- Born: Lucknow, Uttar Pradesh, India
- Occupation: Classical musician
- Known for: Hindustani music
- Spouse: Keshav Kothari
- Children: a son and a daughter Meghna Kothari
- Parent(s): K. L. Ganguly Meena
- Awards: Padma Shri Sangeet Natak Akademi Award Priyadarshi Award Rajiv Gandhi Shiromani award Critics Circle of India Award Broadcasters Association Lifetime Achievement Award

= Rita Ganguly =

Exponent in the Indian classical arts

Rita Ganguly is an exponent in the Indian classical arts. An accomplished dancer, musician and vocalist, she was honoured with the Sangeet Natak Akademi Award in 2000 and with the Padma Shri in 2003. She is the mother of actress Meghna Kothari and the younger sister of the famous Ravindra Sangeet singer Gita Ghatak.

==Biography==
Rita Ganguly was born in Lucknow, Uttar Pradesh, into a Bengali Brahmin family, and is the daughter of K. L. Ganguly, and Meena Ganguly. K. L. Ganguly was a freedom fighter and member of the Congress party. In 1938, he was selected by Jawaharlal Nehru to become the first editor of the National Herald, a newspaper founded by Nehru.

Rita therefore grew up in Lucknow, where the newspaper was based. She started learning Rabindrasangeet at the age of 12 under Gopeshwar Banerjee. She later joined Visva-Bharati University, along with her elder sister, Gita Ghatak with an emphasis on the arts whilst studying the Indian classical dance forms of Kathakali and Manipuri. She did further studies in Kathakali under renowned gurus, Kunchu Kurup and Chandu Pannikar and trained in modern dance at Martha Graham School, New York. She performed at various stages including the Bolshoi Theatre, Russia and joined the National School of Drama (NSD) as a faculty member of dance where she is known to have introduced a new course of Movement and Mime. She taught at NSD for thirty years and during her tenure there, she is known to have contributed in productions and costume designing. She is also credited with efforts in the recreation of the classical theatre and in the construction of Vikrishta Madhyam Auditorium. Under the aegis of NSD, she visited many countries such as Australia, England, Sri Lanka and Israel where she presented performances and held workshops on Indian Classical Theatre.

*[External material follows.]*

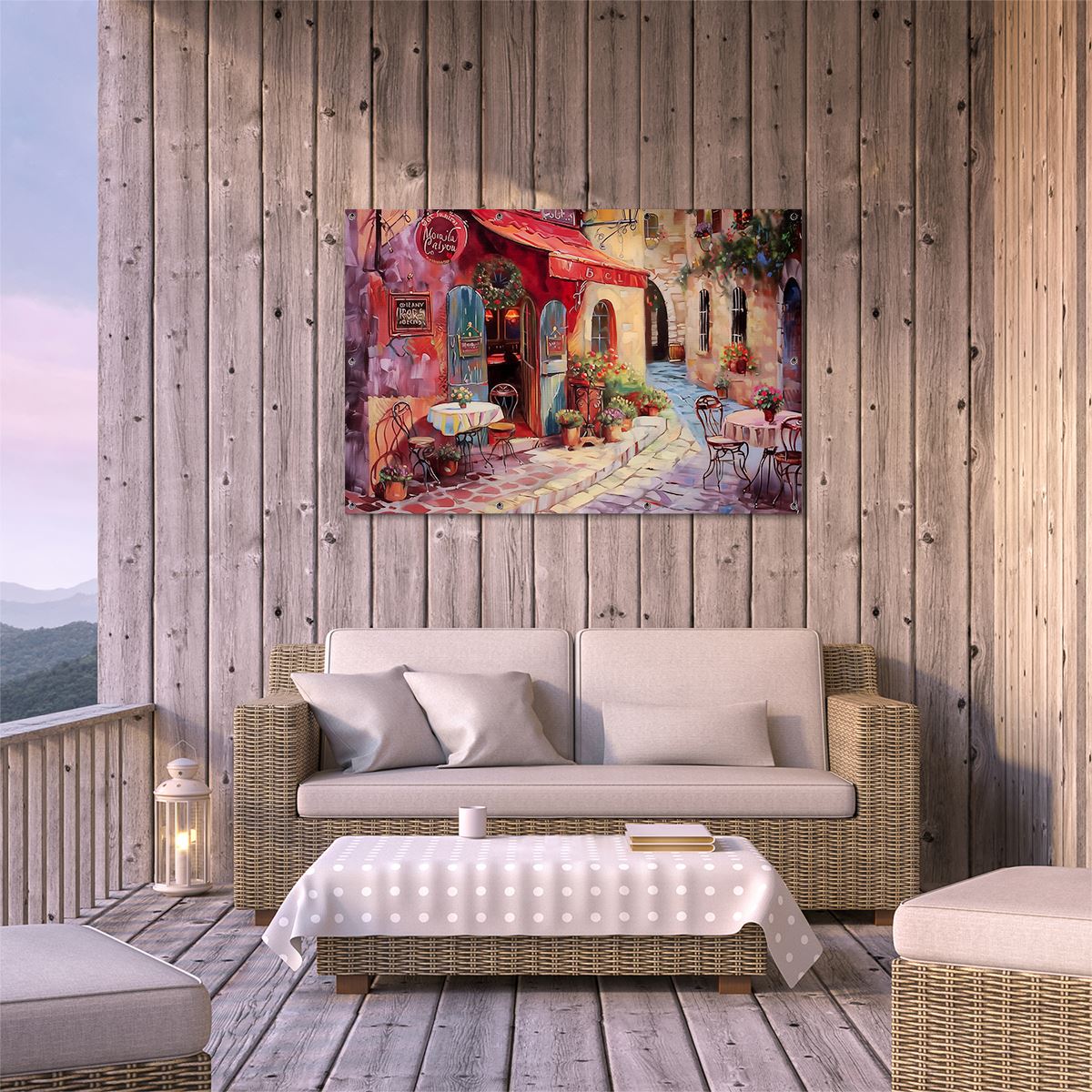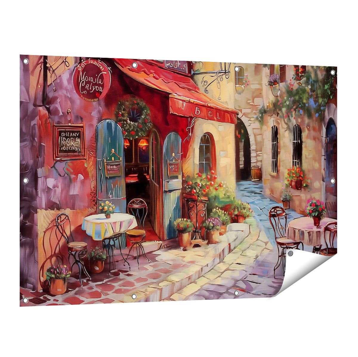 Tuinposter Kunstwerk van een Café met Tafels en Stoelen

In the fifties, a chance opportunity to sing during a performance in Delhi changed her career and she started concentrating more on singing. Encouraged by Shambhu Maharaj, renowned Kathak guru, she performed at many places in India along with Siddheshwari Devi, a known classical singer. It was during one of these performances, Begum Akhtar, renowned Hindustani singer, met Ganguly and took her as her disciple. The bond between the singers lasted till Akhtar's death in 1974.

Ganguly is a Ford Foundation Fellow and has a doctoral degree for her thesis on the female singers of Indian subcontinent. She produced a multimedia production, Ruh-e-ishq, incorporating the seven stages of Sufism, in 1997, to celebrate the fifty years of Indian Independence. She is known to have a liking for nazms, a genre of Urdu poetry and has composed music for the poems of such Bengali poets as Jibanananda, Shakti Chattopadhyay, Subhash Mukherjee, Shankho Ghosh, Sunil Gangopadhyay and Joy Goswami. She was involved with the Soumitra Chatterjee production, Homapakhi for which she composed the theme song. She has also acted in Darmiyaan, a feature film by Kalpana Lajmi.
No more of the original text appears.